- **Data extracts**:
........

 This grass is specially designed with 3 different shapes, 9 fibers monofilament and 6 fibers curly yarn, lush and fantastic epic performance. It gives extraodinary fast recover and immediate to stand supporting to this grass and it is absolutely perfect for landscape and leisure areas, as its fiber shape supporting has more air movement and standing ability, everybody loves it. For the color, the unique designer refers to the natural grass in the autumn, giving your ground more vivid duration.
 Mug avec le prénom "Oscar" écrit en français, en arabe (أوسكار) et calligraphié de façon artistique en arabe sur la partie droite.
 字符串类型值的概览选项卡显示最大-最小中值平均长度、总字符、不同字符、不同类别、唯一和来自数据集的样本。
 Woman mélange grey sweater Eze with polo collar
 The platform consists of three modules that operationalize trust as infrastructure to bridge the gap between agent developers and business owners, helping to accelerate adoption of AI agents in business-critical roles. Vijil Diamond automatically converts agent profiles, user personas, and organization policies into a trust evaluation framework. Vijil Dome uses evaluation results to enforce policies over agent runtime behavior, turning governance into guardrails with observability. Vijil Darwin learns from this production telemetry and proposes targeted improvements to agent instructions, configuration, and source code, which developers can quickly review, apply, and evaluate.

........

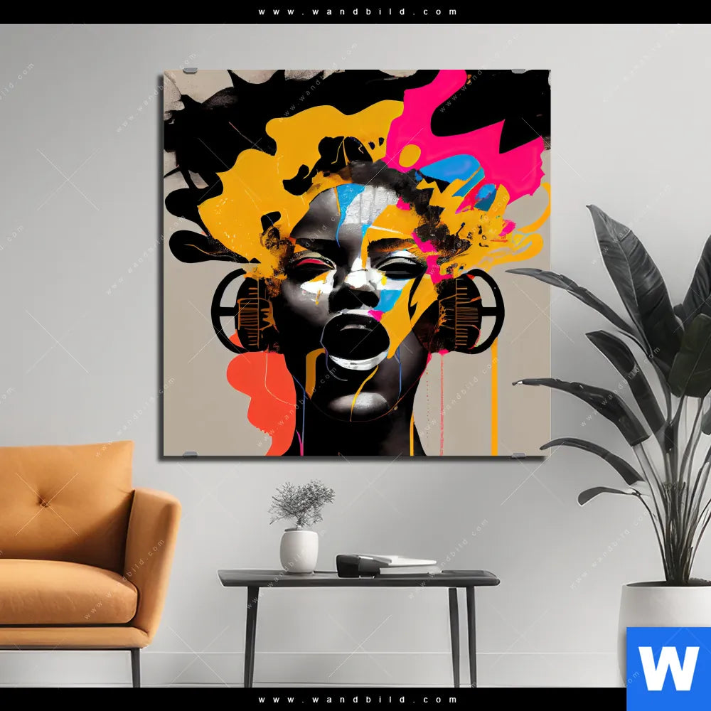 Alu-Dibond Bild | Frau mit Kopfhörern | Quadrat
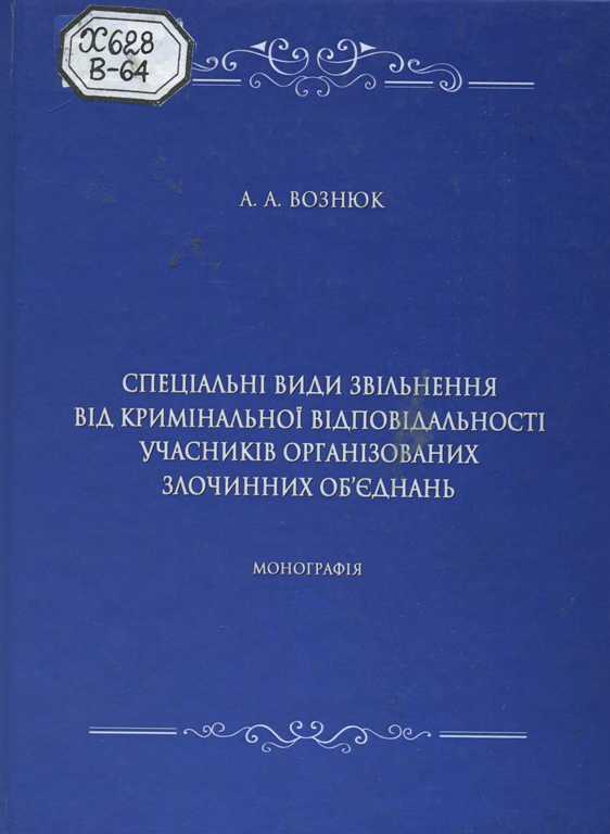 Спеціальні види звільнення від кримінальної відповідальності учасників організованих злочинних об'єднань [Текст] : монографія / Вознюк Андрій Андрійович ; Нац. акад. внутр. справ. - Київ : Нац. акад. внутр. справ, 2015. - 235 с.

........

Copy out only the lines of the records above from the one with "Woman mélange grey" through the one with "The platform consists", exactly as they stand, both included.

 Woman mélange grey sweater Eze with polo collar
 The platform consists of three modules that operationalize trust as infrastructure to bridge the gap between agent developers and business owners, helping to accelerate adoption of AI agents in business-critical roles. Vijil Diamond automatically converts agent profiles, user personas, and organization policies into a trust evaluation framework. Vijil Dome uses evaluation results to enforce policies over agent runtime behavior, turning governance into guardrails with observability. Vijil Darwin learns from this production telemetry and proposes targeted improvements to agent instructions, configuration, and source code, which developers can quickly review, apply, and evaluate.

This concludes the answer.